I don’t think that this is completely invisible, to the extent that a switch that is looking for this sort of thing would not notice it. If you really have to fight with the switch to stop the port getting disabled, take a look at the seminal work by Alva Duckwall presented at DefCon 19, and updates by S0lst1c3 at Defcon and 44Con in  2018.

Mallet Setup

Now, we want to be able to intercept traffic entering our bridge, and route it to Mallet, and then route it back to the bridge and on to its destination.
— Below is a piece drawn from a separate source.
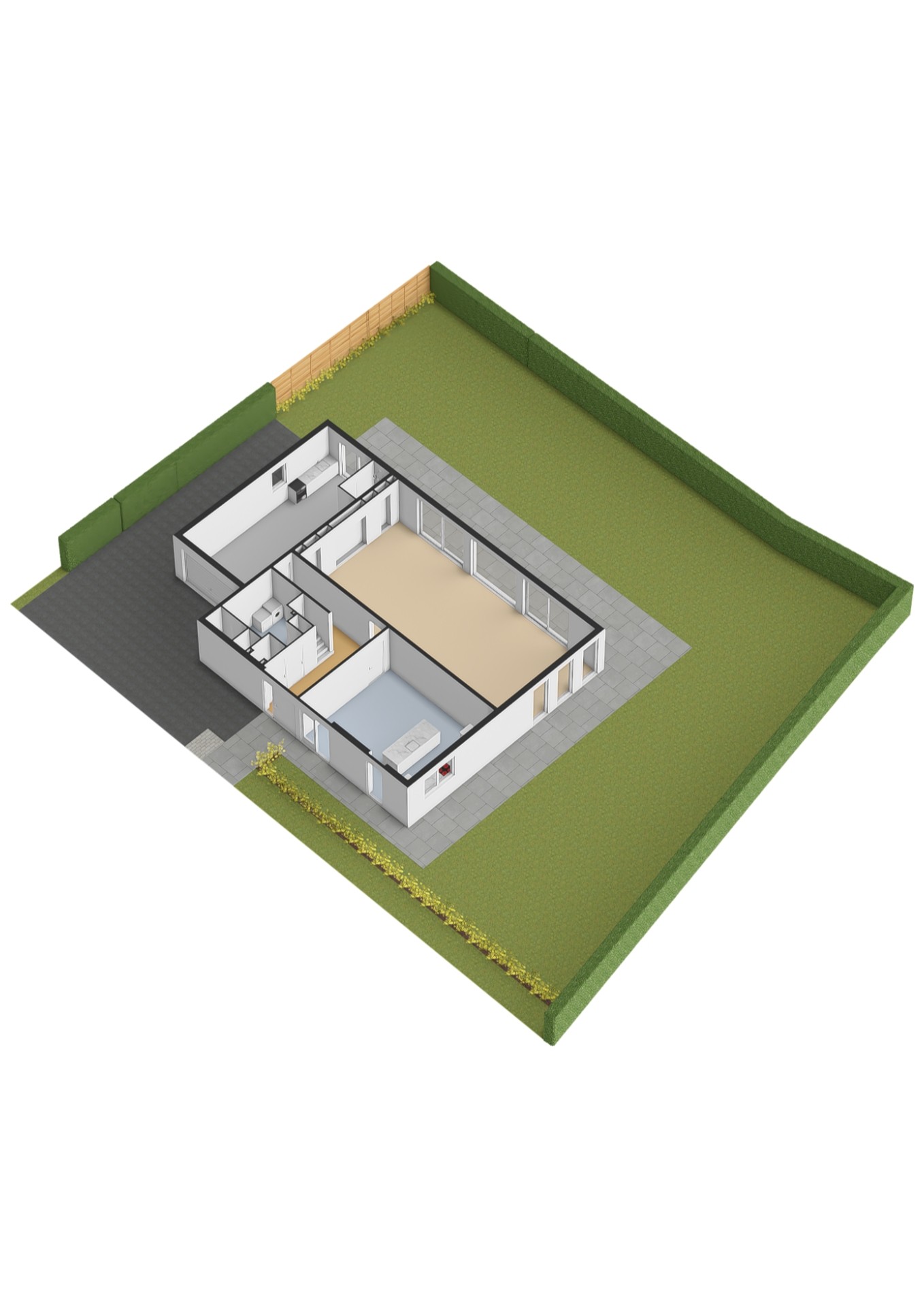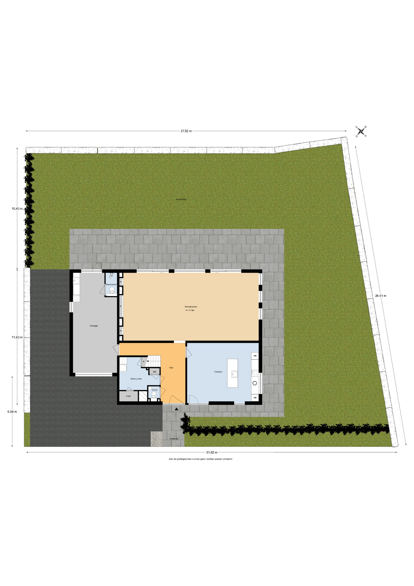 De woning is gelegen op een riante kavel van 755 m² eigen grond. De tuin is aan drie zijden van de woning gelegen.

The most effective tool I have found for that is redsocks. Redsocks makes use of Linux’s TPROXY functionality, which lets Linux accept connections to non-local IP addresses, and allows the accepting process to determine what that remote IP address and port actually was. Knowing the original remote address/port, it can make a request to a SOCKS or HTTP CONNECT proxy to actually establish that connection, and then simply forward data back and forth between the original socket, and the upstream proxy. This naturally gives us an opportunity to interfere with that traffic on a more capable machine than a little OpenWRT router.
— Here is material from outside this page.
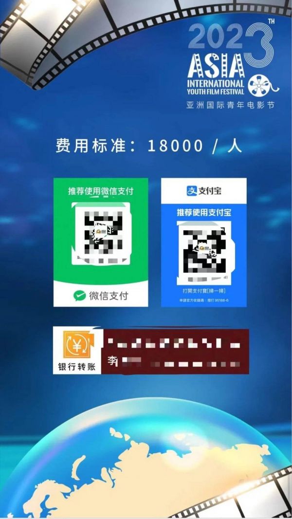 近期,不少青年电影创作者都接到了一个来自“亚洲青年电影节”的组委会邀请,声称他们的作品入围了该影展的竞赛单元。经过调查与走访之后,娱乐资本论拿到了对方的章程,该电影节章程里面明确说明了费用包含的项目,其中酒店费、餐费、物料制作费,还有媒体费和广告费,在章程结尾的最后一页,直接将微信和支付宝付款二维码贴在上面。

Let’s get it installed, and configured.

opkg install redsocks

Redsocks’ configuration file lives at /etc/redsocks.conf. The important things that you will need to change are the interfaces that redsocks listens on, that we will redirect intercepted traffic to, and the address of the upstream proxy. I usually just set local_ip = 0.0.0.0 (all interfaces), and ip = localhost (explained below).

By default, redsocks wants to redirect incoming traffic to a SOCKS proxy running on example.org:1080. We need to update that to point to Mallet. We can either make Mallet listen on a public interface (i.e. the IP address that we were allocated by OpenWRT), or we can use SSH remote port forwarding again. Since this is not particularly performance-critical, let’s do the latter, because it means that we don’t have to update the IP address of the SOCKS server if for some reason the address changes. Since Mallet by default creates listeners on 127.0.0.1:1080, let’s set up a remote port forward in SSH to redirect connections to 127.0.0.1:1080 on OpenWRT to 127.0.0.1:1080 on our workstation:

ssh -R127.0.0.1:1080:127.0.0.1:1080 demeter-6w

Or, we can simply add that to our .ssh/config file, which you can see is already there in the snippet above.

  • Now, run Mallet on your workstation. The default Mallet graph is not going to work for us, as it assumes that Mallet can directly reach the target hosts and services. In this case, we need to route outgoing traffic back to the OpenWRT router.
  • We can do that by adding an upstream SOCKS proxy. Drag a SOCKS client node from the palette, and drop it on the edge just above the Sink.
  • Double click to edit the node properties, and change the target address to 127.0.0.1:1081. If you are using the SSH config file above, you should already have a DynamicForward rule configured for localhost:1081. Otherwise, you can add it manually.

The last thing we need to do to see traffic in Mallet is to actually redirect traffic on the bridge to redsocks.

# create a custom chain
iptables -t nat -N REDSOCKS
iptables -t nat -A REDSOCKS -p tcp -j REDIRECT --to-ports 12345

# Make sure that traffic to and from the victim enters the REDSOCKS chain
iptables -t nat -I PREROUTING 1 -p tcp -s $victim_ip -j REDSOCKS
iptables -t nat -I PREROUTING 1 -p tcp -d $victim_ip -j REDSOCKS

This will make sure that any new TCP connections created by the victim will be intercepted by OpenWRT, and redirected to redsocks, which will attempt to make a SOCKS connection to localhost:1080. That connection will be tunnelled through your SSH connection to localhost:1080 on your workstation, where Mallet is listening, and actually implementing the SOCKS server. Having intercepted the traffic, Mallet will then make the outbound connection to a SOCKS server on localhost:1081, which once again, is an SSH tunnel back to OpenWRT, which will finally attempt to make the outbound connection to the original target.

The final result, showing data flows from victim, through Mallet, and back to the original destination

Now that you have TCP intercept working, and passing through Mallet, your next step is to start constructing graphs that allow you to view and understand that traffic as you desire. But I think that this post is long enough as it is!